D’altro canto, la leadership è una dimensione imprescindibile di ogni società, e nella Chiesa deve essere esercitata alla maniera del Maestro, che ha lavato i piedi agli apostoli.

La mancanza di una leadership femminile non è “un problema delle donne” (semmai troppe donne ancora non lo percepiscono come problema, e anche questo è indice di inconsapevolezza ecclesiale), piuttosto determina una minore autorevolezza della Chiesa e una debolezza dell’attuale assetto dei poteri, concentrati nella figura del presbitero.

Che cosa può rendere più funzionale il potere? Si possono identificare alcuni pilastri: la condivisione della leadership, la condivisione e trasparenza delle informazioni, l'accessibilità dei linguaggi, l'uso della tecnologia nonché la formazione, in particolare della leadership femminile.

COMUNIONE: quando la gerarchia genera partecipazione

La comunione è gerarchica, ma non secondo lo schema semplicistico alto-basso (con una categoria di fedeli ben definita che è sempre “sopra”, e una categoria di fedeli sempre sottomessa). In un popolo di uguali nella dignità e nell’agire (can. 208 CJC), si realizza una comunione asimmetrica secondo il modello della Chiesa apostolica, dove non vigeva l’uniformità, “l'uno vale uno”, ma c'erano tante funzioni, ministeri, ruoli profetici, ruoli carismatici, ruoli istituzionali… La communio è gerarchica in questo senso: che in base alle materie, all’oggetto delle deliberazioni, alle situazioni esistenziali… si strutturano dei centri di potere che non sono sempre necessariamente gli stessi e composti dalle stesse persone. Si tratta di passare a un paradigma complesso: dalla piramide semplice (e non importa che sia rovesciata! Anche se rovesciata, confermerebbe la passività di una categoria statica) alla comunione asimmetrica e multicentrica in una Chiesa tutta ministeriale e sinodale, una Chiesa “comunione di comunità”. Le persone battezzate svolgono diversi ministeri, hanno diverse vocazioni che le abilitano a esercitare una maggiore autorità in luoghi differenti, dentro e fuori l'ambito ecclesiale, il tutto in una Chiesa tutta ministeriale in cui si sviluppano centri di imputazione di diritti, doveri, responsabilità e poteri.

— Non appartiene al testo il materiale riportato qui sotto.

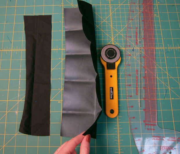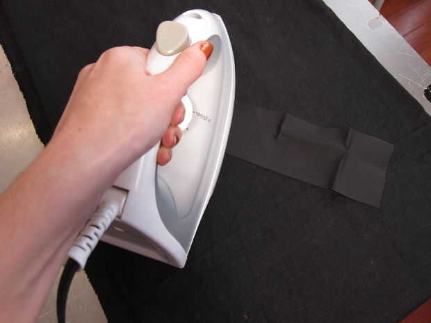 Como último paso, cortar dos piezas de entretela por la parte trasera (donde irá el cordón) y hierro en el. Esto es para proporcionar estabilidad adicional para los ojales. Realmente utilicé plancha en tela en lugar de interfaz ya que es lo que tenía alrededor de la reparación, y funcionó muy bien así.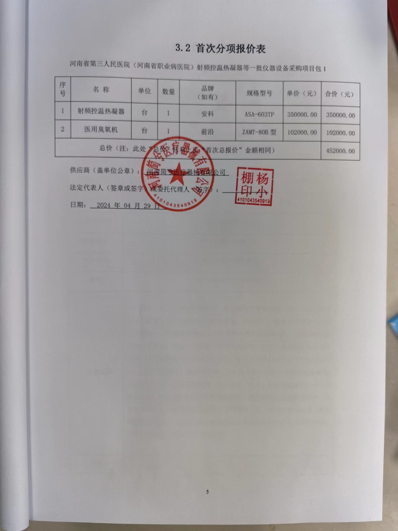 2、采購(gòu)項(xiàng)目名稱:河南省第三人民醫(yī)院(河南省職業(yè)病醫(yī)院)射頻控溫?zé)崮鞯纫慌鷥x器設(shè)備采購(gòu)項(xiàng)目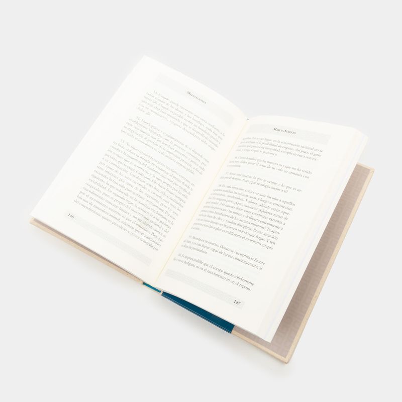 Escrita originalmente en griego, esta obra fue concebida durante los últimos años de vida del emperador romano Marco Aurelio (121-180 d.C.). El texto de Meditaciones recoge notas sobre su vida como líder y sus reflexiones sobre la filosofía estoica. Sus pensamientos abarcan temas relativos al ser humano tales como la vida, la muerte, el universo, la moralidad, la creación o los valores que deben ser fuente de inspiración para vivir y llevar una vida honorable y sincera. Con su legado escrito, Marco Aurelio pone de manifiesto todas aquellas virtudes que considera que una persona debe tener para ser un ser humano de provecho.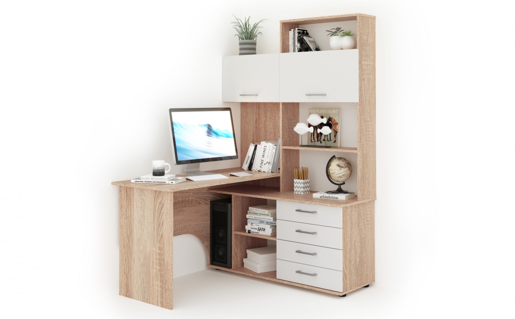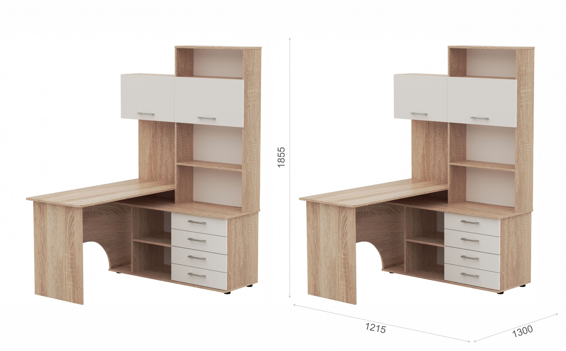 Компьютерный стол «Гарвард» угловой с надставкой ПР Дуб сонома/белый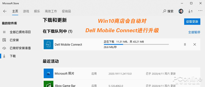 4) 打开Win10应用商店,点击右上角“…“→”下载与更新“,正常情况下商店会对Dell Mobile Connect自动完成更新。如果没有弹出更新界面,那就手工点击一下右上角的”获取更新“按钮,看到下面这个界面就对了;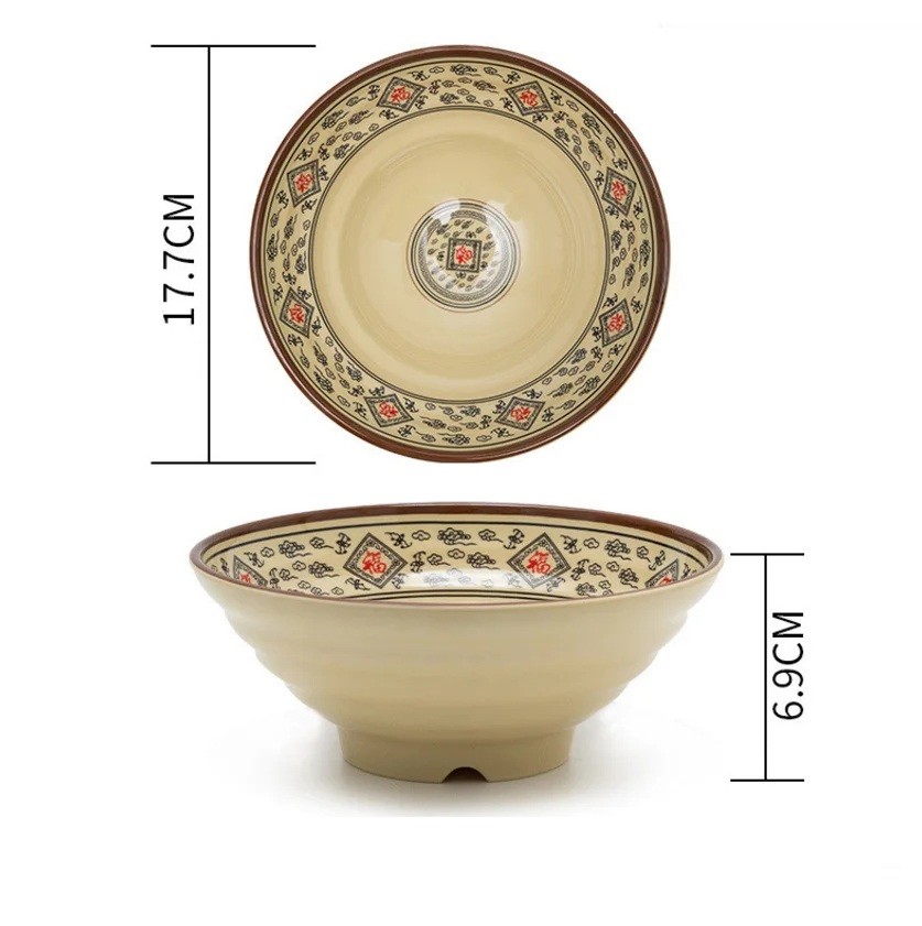 Mască este fabricată din porțelan, care este utilizat frecvent pentru vesela de masă. Capacitatea de 600 ml permite servirea confortabilă a supelor și tăițeilor. Dimensiunile 17,7 x 6,9 cm asigură stabilitate și manipulare ușoară. Suprafața în culoare bej cu model ornamental negru-roșu corespunde aspectului din imagine. Construcția este potrivită pentru servirea supelor de tăiței și altor preparate.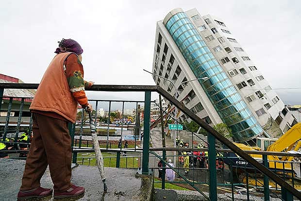 A 6.4-magnitude quake hit the popular eastern tourist city of Hualien late Tuesday, leaving a handful of buildings badly damaged - some of them leaning at terrifying angles as well as roads torn up and hundreds sheltering in local schools and a stadium.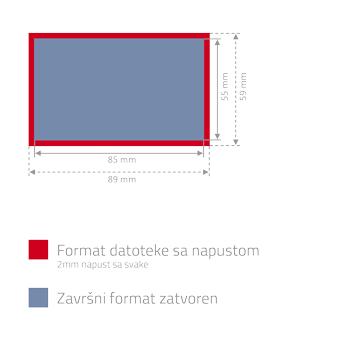 Dokumenti se izrađuju po mjeri; u format dokumenta potrebno je dodati napust sa svih strana od 2mm preko ruba završenog formata.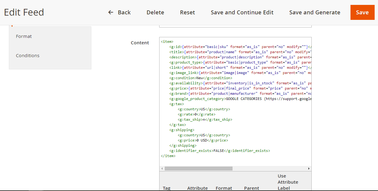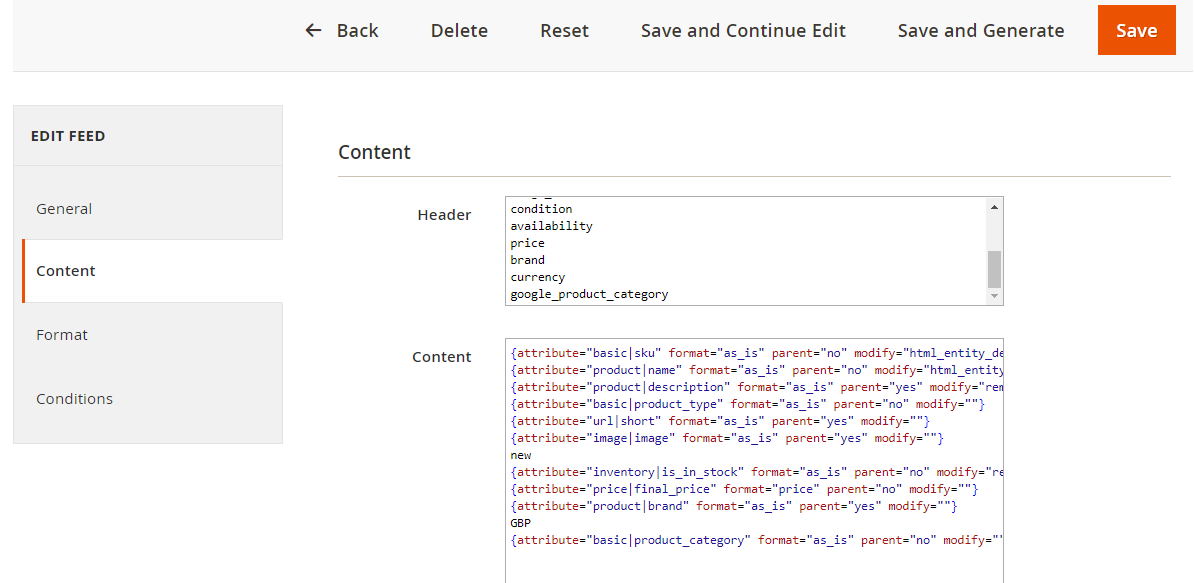 Magento 2 Feed format settings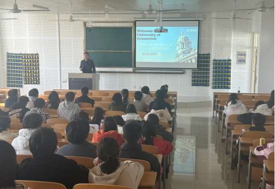 会上,梁老师首先介绍了英国格林威治大学地概况,随后针对与我院合作地“3+1”本硕连读项目,以及各个学部和专业,有重点、有方向地详细介绍了英国格林威治大学硕士课程学习安排,入学条件、学费以及住宿等相关内容。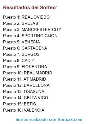 Lista de participantes: SPORTING GIJON, BURGOS, VENECIA, BRUJAS, VALENCIA, FIORENTINA, CELTA VIGO, AT MADRID, OSASUNA, REAL MADRID, MANCHESTER CITY, CARTAGENA, BARCELONA, BETIS, REAL OVIEDO, CADIZ.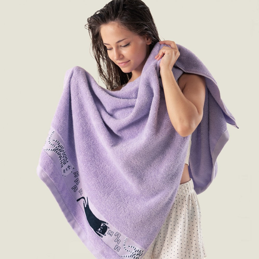 Colecția Cats este disponibilă în mai multe nuanțe pastelate, ușor de asortat cu decorul băii copiilor, fiecare variantă păstrând aceeași textură catifelată și prospețime la atingere.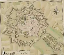 - en 1710, on propose de remplacer les ouvrages détachés du projet de 1701 par quatre lunettes et en 1711 ou 1712 on construit cinq lunettes en avant de la courtine 4-5[note 13], elles vont être abandonnés plus tard au cours du siècle ;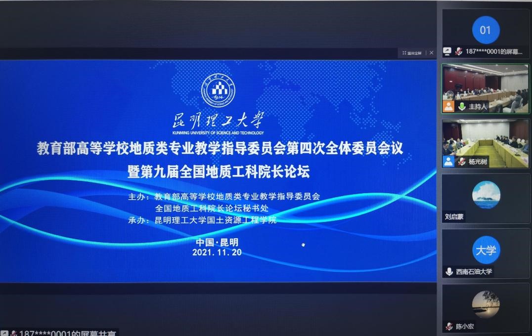 11月20日,教育部高等学校地质类专业教学指导委员会第四次全体委员会议暨第九届全国地质工科院长论坛在昆明理工大学召开。受疫情影响,本次会议采用线上线下相结合的方式。教育部高教司、中国地质教育研究分会领导,地质类专业教学指导委员会委员以及全国各高校地质学科院长、系主任等近150人参加会议。地球与环境学院组织地质类专业骨干教师在静远楼B414会议室参加了线上会议。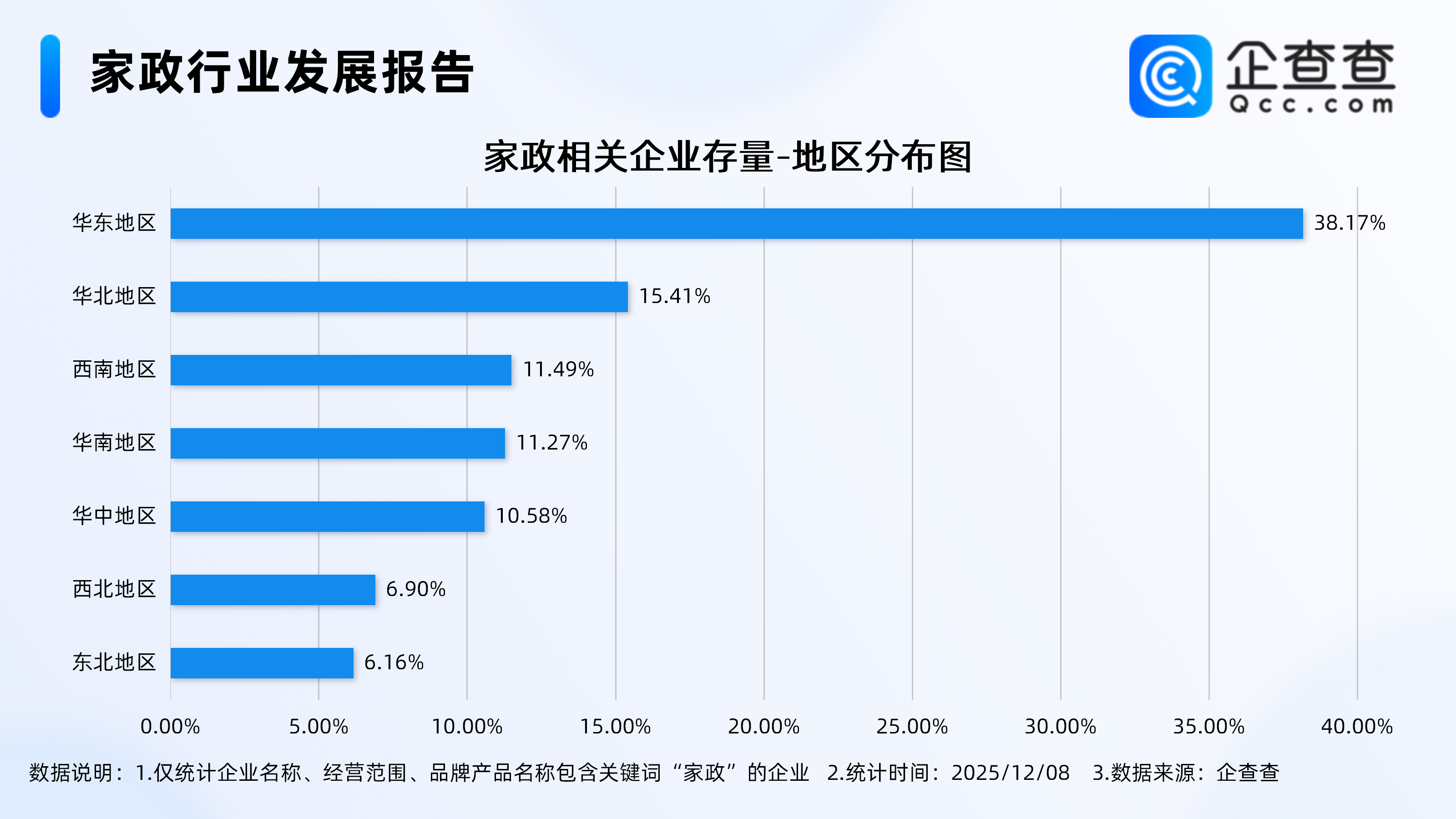 企查查数据显示,从地区分布来看,现存家政相关企业主要集中分布在华东地区,占比达38.17%。其次,分布在华北地区、西南地区的家政相关企业分别占比15.41%、11.49%。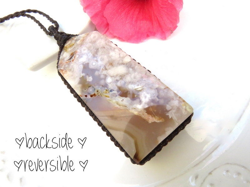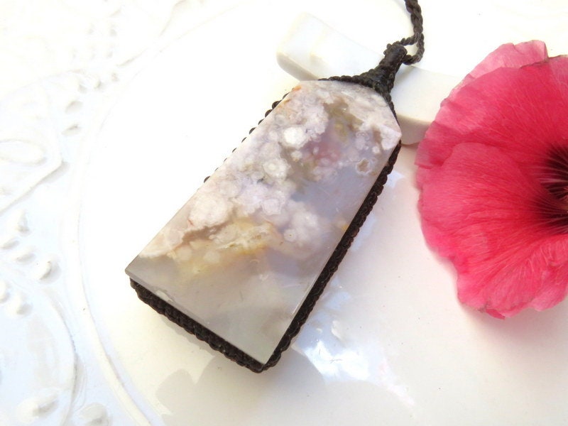 Gorgeous 🌺 Flower Agate 🌺 macramé necklace ! From Madagascar - Its gorgeous plumes resemble cherry blossoms✨ The pinky-peach, beige and gray with pops of orange are GORGEOUS together 😍 with tiny druzy caverns - Also called "Snowflake Agate" - this piece is a generous size. Natural imperfections.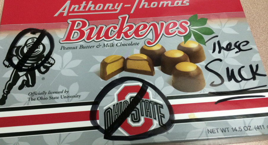 Look, folks: I'm going to play this one straight with y'all. I think the person who defaced u/MoreCowbellllll's officially licensed box of Anthony-Thomas chocolate Buckeyes should be put into a cage.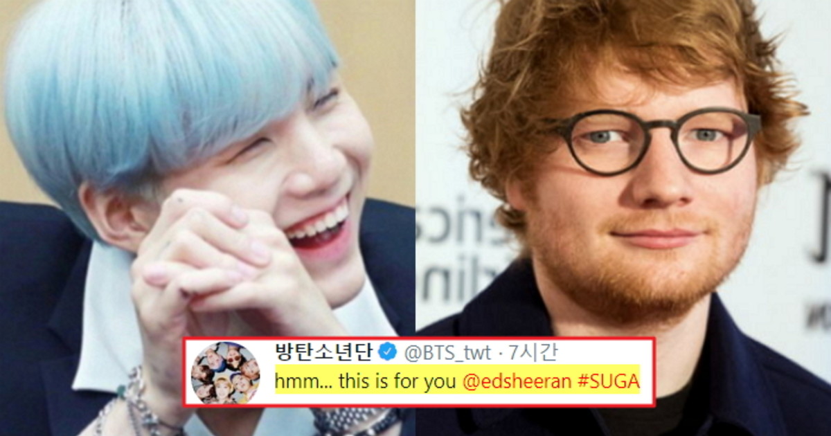 6일 슈가는 방탄소년단 공식 트위터 계정을 통해 "이건 에드 시런을 위한 것"이라는 글과 함께 사진을 게재했다.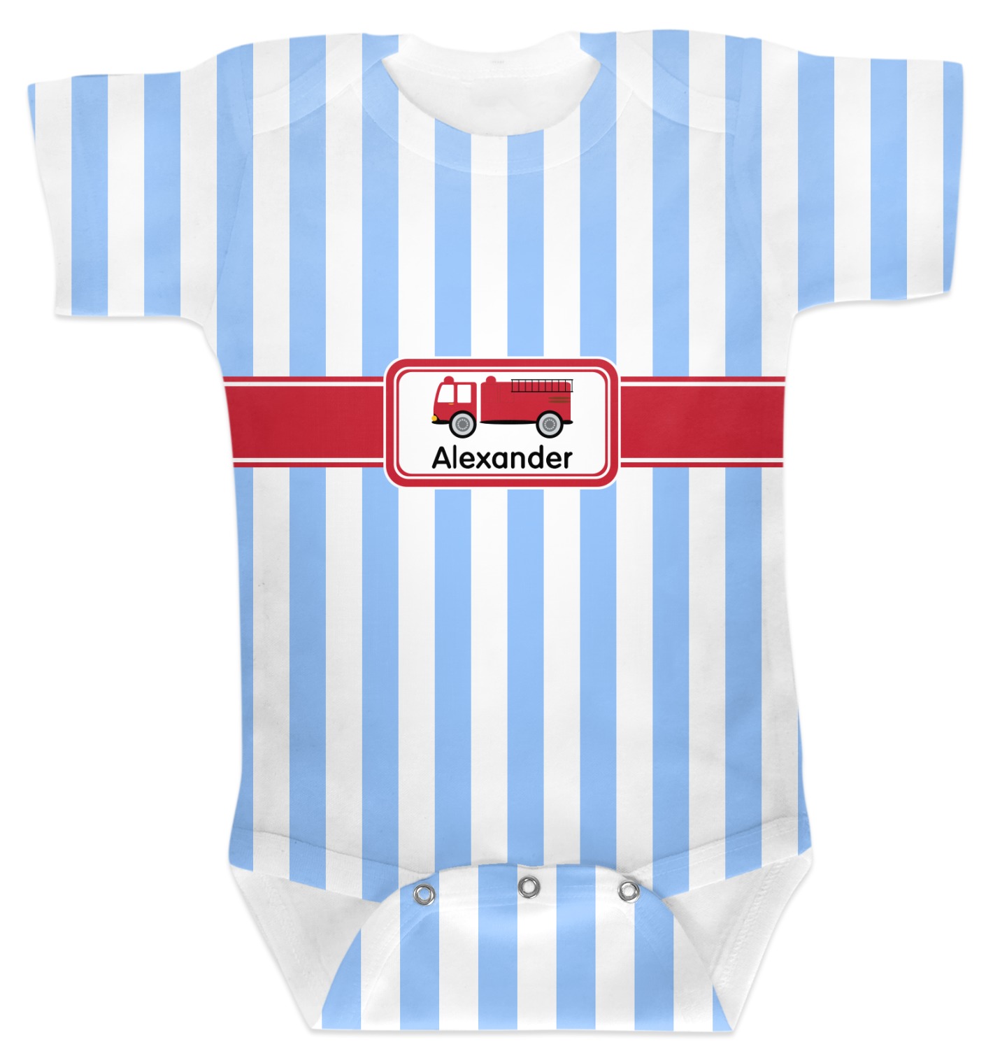 What little boy doesn't dream about growing up and becoming a fire fighter? Set on a classic striped blue and white background, this design featuring a snazzy firetruck is perfect for your little fireman-to-be.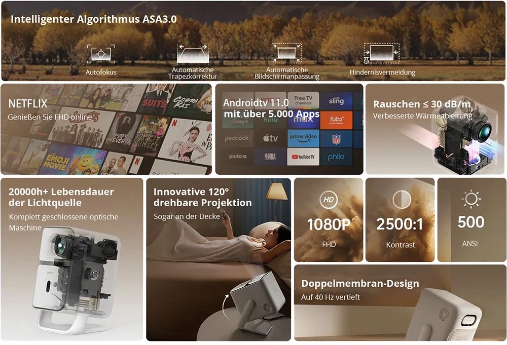 Bei der Ausrichtung der bis zu 140 Zoll großen Projektion helfen Hindernisvermeidung, Autofokus und Trapezkorrektur sowie Bildanpassung. Die native Auflösung des Wanbo T2 Ultra liegt bei Full HD / 1080p. Die Bildhelligkeit ist mit bis zu 500 ANSI Lumen angegeben. Durch die Verwendung einer versiegelten optischen Einheit wird eine klare Wiedergabe und eine extrem niedrige Lautstärke von maximal 30 dB/m gewährleistet.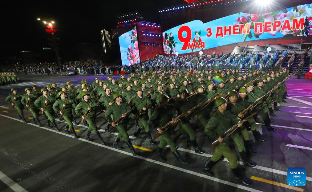 Performers attend a rehearsal for the Victory Day military parade in Minsk, capital of Belarus, May 2, 2025. (Photo by Henadz Zhinkov/Xinhua)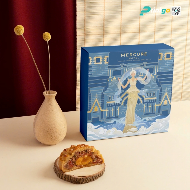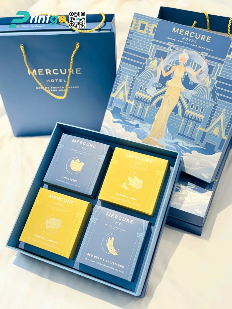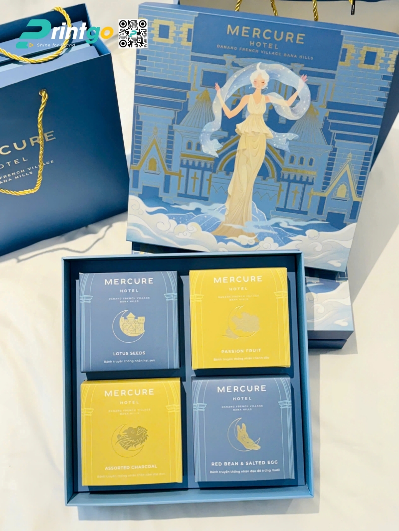 Mỗi mùa trăng về, nghệ thuật quà tặng lại được nâng tầm bởi những thiết kế bao bì tinh xảo. Đồng hành cùng khách sạn Mercure, Printgo mang đến mẫu hộp âm dương có đai đựng 4 bánh trung thu vừa sang trọng, vừa tiện dụng. Không chỉ đảm bảo bảo quản trọn vẹn hương vị bánh, thiết kế còn trở thành điểm nhấn thẩm mỹ giúp khẳng định phong cách đẳng cấp của thương hiệu khách sạn quốc tế, đồng thời truyền tải trọn vẹn thông điệp đoàn viên trong mùa lễ hội trăng rằm.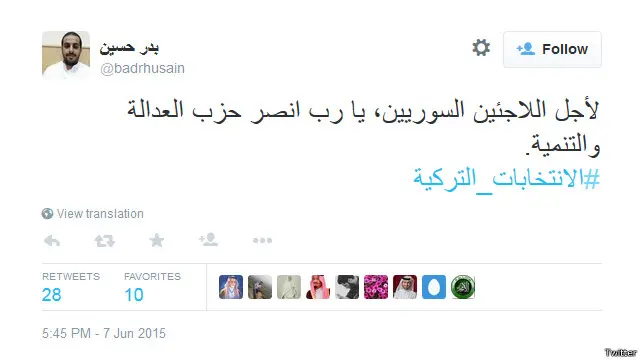 كما ظهرت العديد من التغريدات المؤيدة لحزب العدالة والتنمية بسبب موقفها من استقبال اللاجئين السوريين "يوم اغلقت حكومات أخرى أبوابها أمامهم" على حد قول المدون عبدالرحمن بن علي. كما قال المستخدم بدر حسين: "لأجل اللاجئين السوريين، يا رب انصر حزب العدالة والتنمية".

Allo stato attuale, il popolo di Dio svolge sempre e solo una funzione consultiva, su qualsiasi materia, anche laddove avrebbe maggiore competenza, esperienza e autorevolezza. Dal confronto nei gruppi di lavoro, emerge la frustrazione di donne e uomini impossibilitati a partecipare e non riconosciute/i nel loro impegno e nelle loro azioni.

Non mancano esperienze di nuove forme di servizio, di partecipazione, di ascolto e di confronto, con l’attuazione di forme di autorità condivisa. Ma anche in questi casi, quando cambia il parroco si rischia di perdere tutto. Così accade nelle diocesi: la partecipazione e la corresponsabilità dipendono dall’impostazione data da un vescovo, e possono venir meno quando il vescovo cambia. Il vescovo è un piccolo monarca e questo lo si vede molto bene nello scandalo e nella gestione degli abusi sessuali che sono sistemici, riflessi di un sistema malato, monarchico e patriarcale.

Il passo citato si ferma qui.